It has been three weeks since I started my work as a visiting research fellow at Asia Center at Seoul National University in Seoul, South Korea.
Today is another hot summer day...Every single person that I have met on bus, at school, and at convenient stores complained about this severe drought.
Some of them said sometimes they felt guilty even when they brushed teeth while running water, since this drought is causing much difficulties for farmers in Korea.
The picture uploaded shows the dried-out bed of Taepyong reservoir in Nonsan, South Chungcheong, which is craked like a turtle's shell. This is the worst drought in 104 years.
It could sound absurd to some people who are not familiar with Korean superstition, but we, Koreans are accustomed to blaming corrupted politicians for drought. When we have a severe drought, just like the one we are having, we are not reluctant to point our fingers at politicians, who we think did not care for the people who put their trust on them. When the politicians fail to care for the people, Koreans believe, the God (Haneul in Korean) gets raged and gives the people natural disaster in the form of drought, flood and so on.
Koreans now blame the politicians who are heavily involved in "Color" debate, not taking care of falling Korean economy partly due to EU financial crisis. The Left, called the Red by conservatives, is blamed for both politically using North Korea to regain their power and rewarding the North for their bad behavior; the Right is accused of spreading McCarthyism to keep their power intact.
How can I laugh at those politicians using the so-outdated word, "McCarthyism" to get the people's attention? In the post-Cold War era, Korea is so "Cold-War."
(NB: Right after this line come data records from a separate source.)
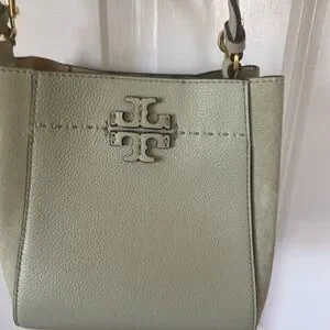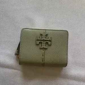 Tory Burch light/mint green (Pine Frost) McGraw small crossbody bag and matching wallet. Pebbled leather and suede. Used for one week on vacation. Bag has a bit of rubbing on one side of suede but barely noticeable. Wallet is in perfect condition. So cute for summer! Dust bag included. 6w 7h 5d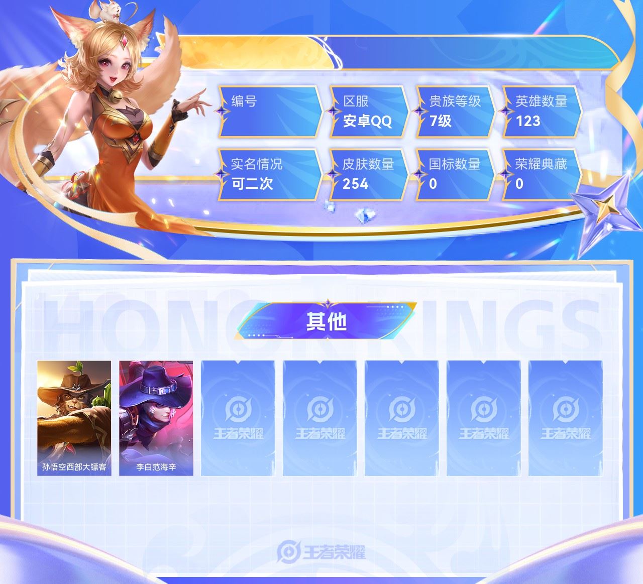 【终身找回包赔】【5级铭文数量0 召唤师等级0 白银Ⅰ 贵族V0】【终身找回包赔】【68L5TACDG】无双1传说13史诗85限定87英雄123皮肤254稀有英雄9贵族7级皮肤价值:165244 【无双皮肤1】曜器灵螭龙剑 【传说皮肤13】狄仁杰超时空战士虞姬启明星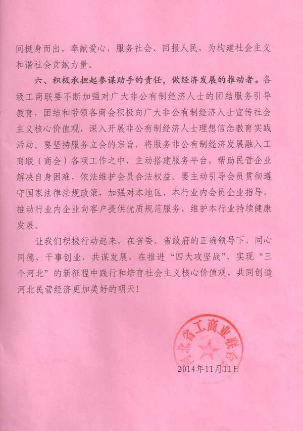 河北省工商聯踐行社會主義核心價值觀倡議書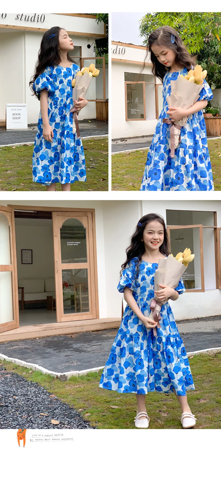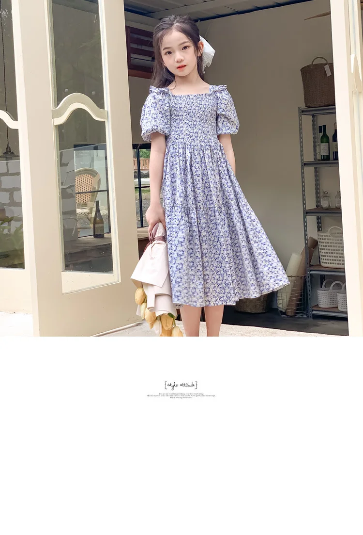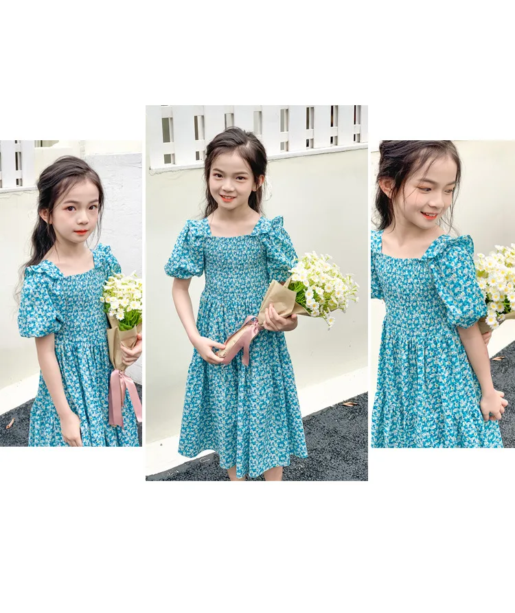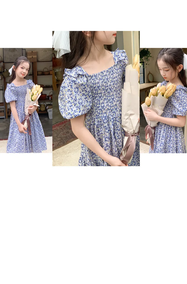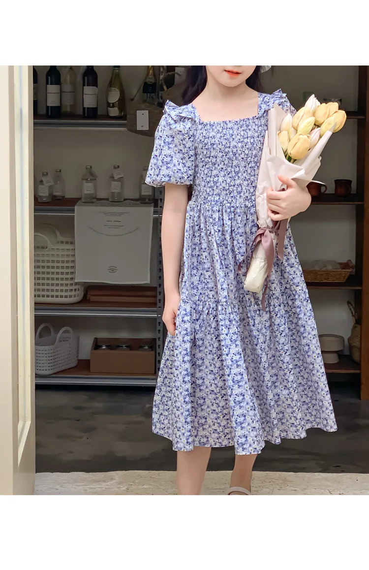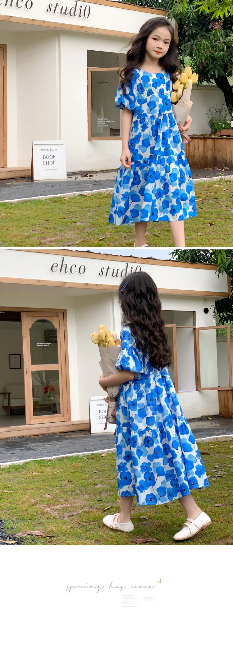 Mqtime Girls Floral Dress Summer Puff Sleeve Elegant Beach Princess Dresses for Kids Travel Casual Teen Children Clothes 13 14 15 Years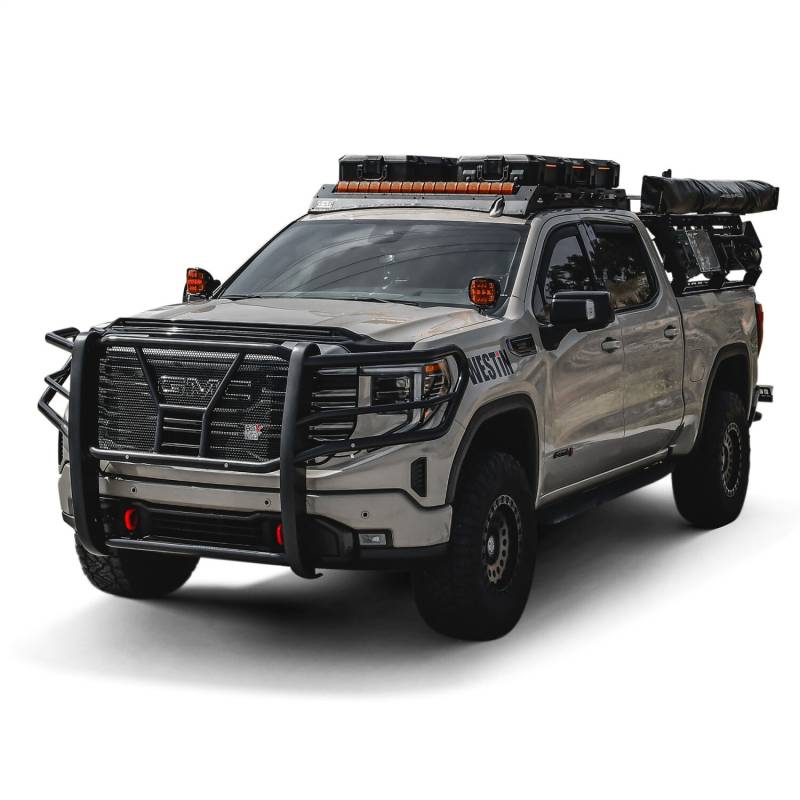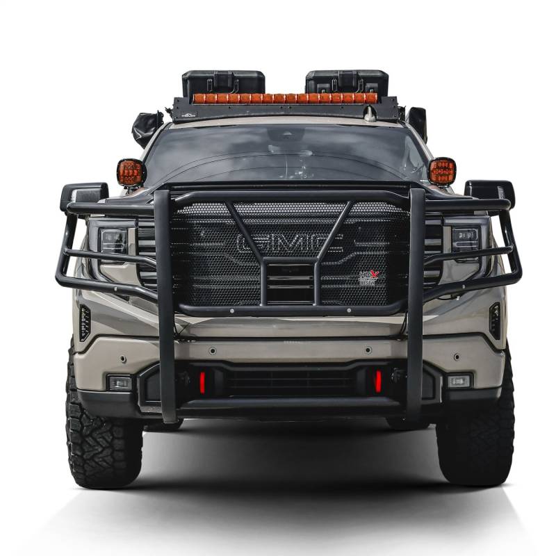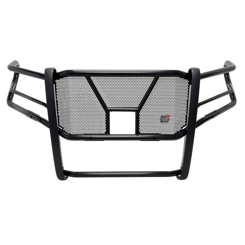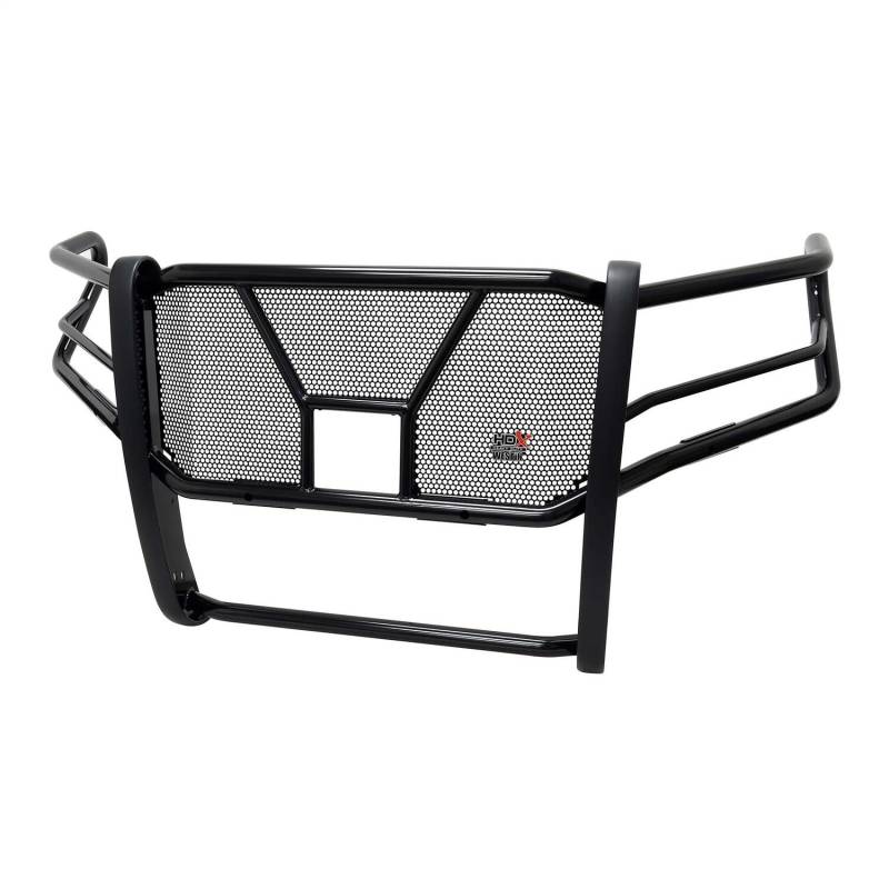 The HDX Grille Guard is the ultimate in extreme truck gear. Its a fully welded 1-piece grille guard that features full wraparound wings made of heavy duty 2in. diameter tube. Uprights are finished and protected with extra wide rubber that is 1/8in. thick and 2 3/4in. wide resulting in a solid clean look. The full punch plate grille protects the vehicles grille area. HDX Grille Guards are available in stainless and black powder coat finish.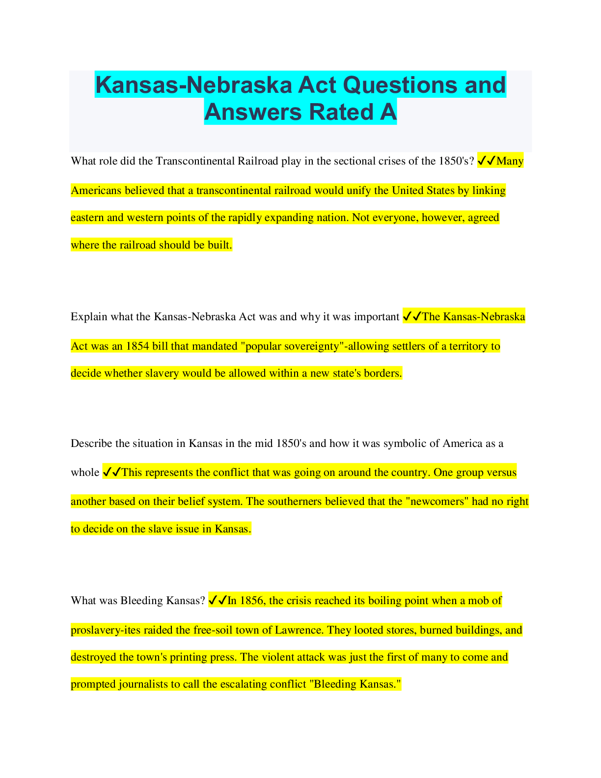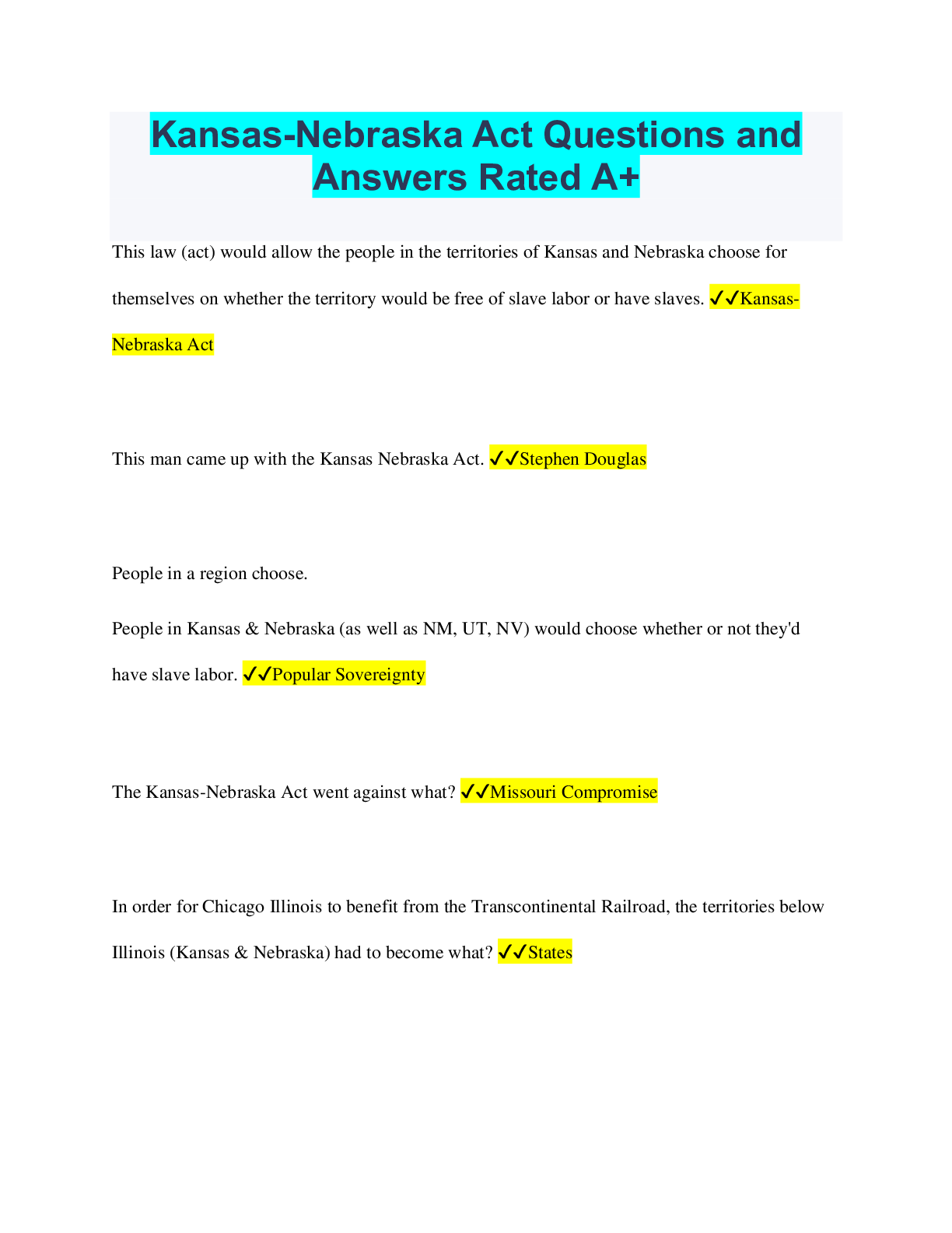 Law > QUESTIONS & ANSWERS > Kansas-Nebraska Act Questions and Answers Rated A (All)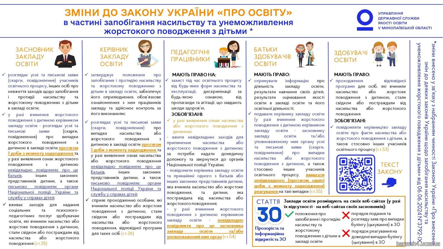 План заходів, про організацію роботи ліцею у сфері запоігання та протидії запобіганню насилля та жорстокого поводження з дітьми в Барському ліцеї №4

Opinion leaders in Korea urge Korean politicians to do something about both China heavily remilitarizing and Japan that could go nuclear in the near future. When Korea's giant neighbors seek for ways to balance by engaging in rearming, Korea is leaving behind because of domestic politics.
Korean politics seem to have reached a contentious limit. It seems just yesterday that people were criticizing the backwardness of Korean politics for dragging down the Korean economy, but now it has become a problem not just for the economy, but also for the national security. And maybe, the politicians could be the ones that are causing this severe drought.
We, Koreans, are thirsty for politicians who can get everything back on track!